For the most part this can be worked around by using the puppeteer-extra-plugin-stealth puppeteer-extra
plugin, which this application already does.
However volvocars.com still starts to hit Puppeteer clients with HTTP 403 responses after a little more than a 100 page downloads. To work around this, pdfgen4vcman
automatically restarts the headless browser after 100 page loads, which seems to fix the issue.
Moreover pdfgen4vcman
detects when volvocars.com starts to reply with HTTP 403 responses and if this happens, the browser is restarted as well.
Tips and tricks
If the default behaviour of pdfgen4vcman
is still not enough (e.g. volvocars.com starts to throttle the requests beyond a certain req/s rate), you can start up a couple of Tor proxies and use them for the PDF generation:
p=10050
for c in de nl at lu fr; do
/usr/bin/docker run --rm --name "torproxy_$p" -p "127.0.0.1:$p:8118" -e TOR_MaxCircuitDirtiness=300 -e "LOCATION=$c" -d dperson/torproxy
p="$((p+1))"
done
pdfgen4vcman \
--proxy "http://127.0.0.1:10050" \
--proxy "http://127.0.0.1:10051" \
--proxy "http://127.0.0.1:10052" \
--proxy "http://127.0.0.1:10053" \
--proxy "http://127.0.0.1:10054" \
"<volvocars_user_manual_url>"
There're a couple of old user manuals at volvocars.com which try to embed images for which a consistent HTTP 403 is returned.
E.g.
- car model: XC90 Twin Engine
- model year: 2016
This doesn't seem to be a part of the anti-scraping techniques, but more likely a misconfiguration.

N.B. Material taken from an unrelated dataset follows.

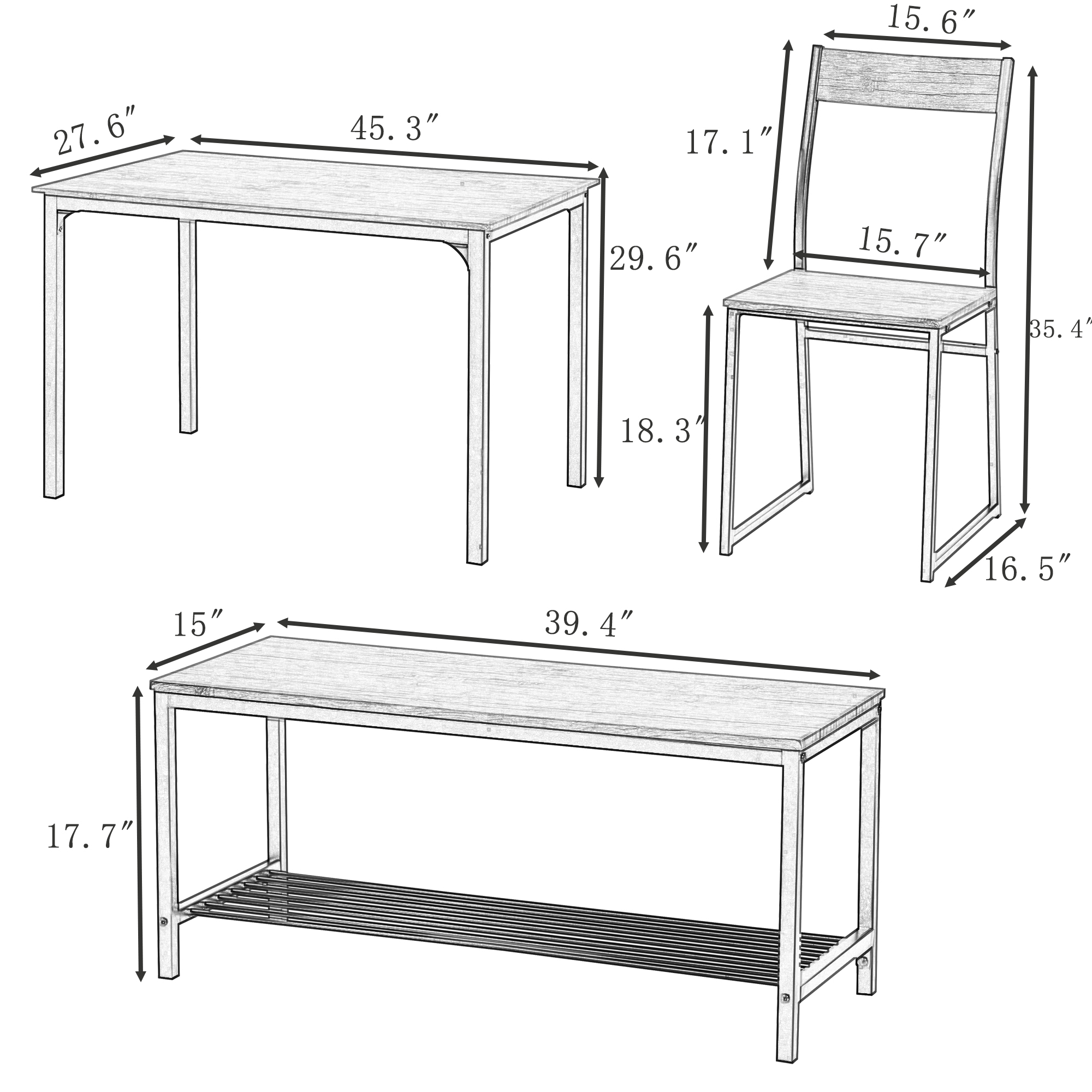 4PCS Kitchen Set---Come with one table, 2 armless chairs, and one bench, this set is perfects for 4 people, especially in small places. Made of high-quality MDF and steel frame, this dining set is designed for a long time using with its stability and sturdiness. To strengthen support, 4 triangular sheets are added under the corners of the table to improve loading capacity.

In this case you'll have to disable the automatic anti-scraping detection (automatic retries on HTTP 403 responses) by supplying a custom set of HTTP error codes for the automatic retry feature.
pdfgen4vcman --http-errors "$(seq -s "," 400 499 | sed -r "s#(,40[1347]),#,#g"),$(seq -s "," 500 599)" "https://www.volvocars.com/uk/support/car/xc90-twin-engine/15w46/article"
This will ignore HTTP 403 errors from volvocars.com, but still consider a bunch of 4xx status codes and all 5xx status codes to be errors (in which case the page loading should be retried).
Removing (mostly) empty pages
For some reason a couple URLs in the user manuals result in an empty (or mostly empty) last page in the generated PDF. This is probably due to something invisible extending the "content" part (i.e. the DOM) of the page. In other cases there's a single horizontal line on the top of the last page, but I consider these to be "empty" as well.
pdfgen4vcman
contains support for automatic detection and removal of these pages by using Ghostscript's ink coverage output. You can disable or finetune this post-processing using commandline options.
The Ghostscript executable is searched for using the standard gs
name, but this can be customized via an option.